── DATA

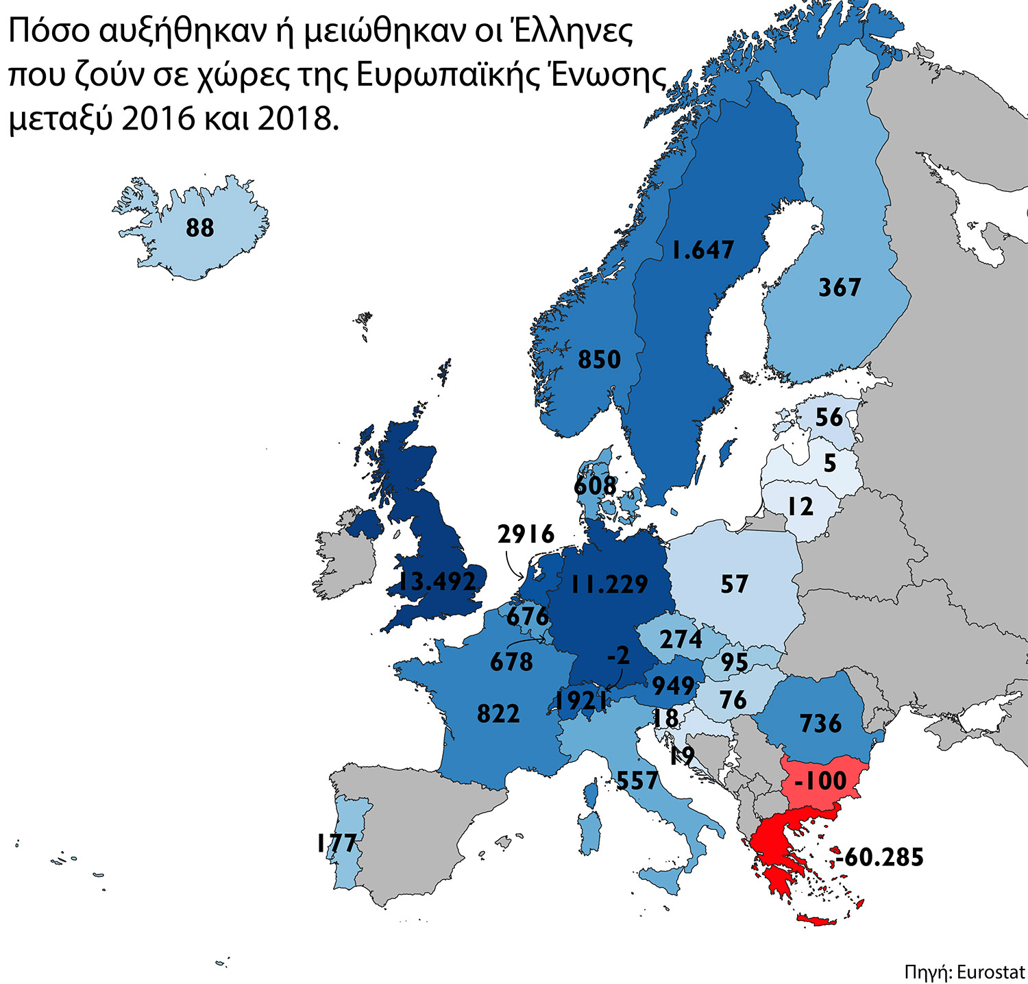 Δείτε στον interactive χάρτη που ακολουθεί σε ποιες χώρες έχουν μετακομίσει οι περισσότεροι Έλληνες μεταξύ 2010 και 2015.
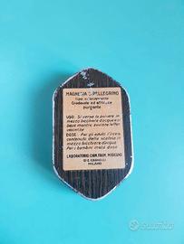 Latta vintage originale di Magnesia S. Pellegrino risalente agli anni '40: un piccolo, grande pezzo di storia della farmacia italiana. Sul fronte spicca l’iconica illustrazione del pellegrino con bastone, simbolo distintivo del marchio, mentre il retro presenta un raffinato motivo effetto legno. Proprio il retro descrive l'uso della polvere effervescente come purgante da sciogliere in acqua. Sulla stessa non è presente il prezzo in Lire, comparso sul prodotto solo a partire dagli anni '60.
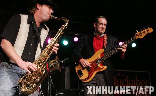 1月1日,在美國艾奧瓦州的得梅因,美國共和黨總統競選人邁克·赫卡比(右)在競選集會上表演。美國總統選舉黨內初選即將于1月3日在艾奧瓦州開鑼,民主黨和共和黨將分別舉行基層黨員會議,推舉參加高級黨員會議的代表,以選擇本黨總統候選人。 新華社/法新

────

• _YOUR TASK_: Print every line of the data exactly. Pictures do not belong in the copy.

• _TASK OUTPUT_:
 Δείτε στον interactive χάρτη που ακολουθεί σε ποιες χώρες έχουν μετακομίσει οι περισσότεροι Έλληνες μεταξύ 2010 και 2015.
 Latta vintage originale di Magnesia S. Pellegrino risalente agli anni '40: un piccolo, grande pezzo di storia della farmacia italiana. Sul fronte spicca l’iconica illustrazione del pellegrino con bastone, simbolo distintivo del marchio, mentre il retro presenta un raffinato motivo effetto legno. Proprio il retro descrive l'uso della polvere effervescente come purgante da sciogliere in acqua. Sulla stessa non è presente il prezzo in Lire, comparso sul prodotto solo a partire dagli anni '60.
 1月1日,在美國艾奧瓦州的得梅因,美國共和黨總統競選人邁克·赫卡比(右)在競選集會上表演。美國總統選舉黨內初選即將于1月3日在艾奧瓦州開鑼,民主黨和共和黨將分別舉行基層黨員會議,推舉參加高級黨員會議的代表,以選擇本黨總統候選人。 新華社/法新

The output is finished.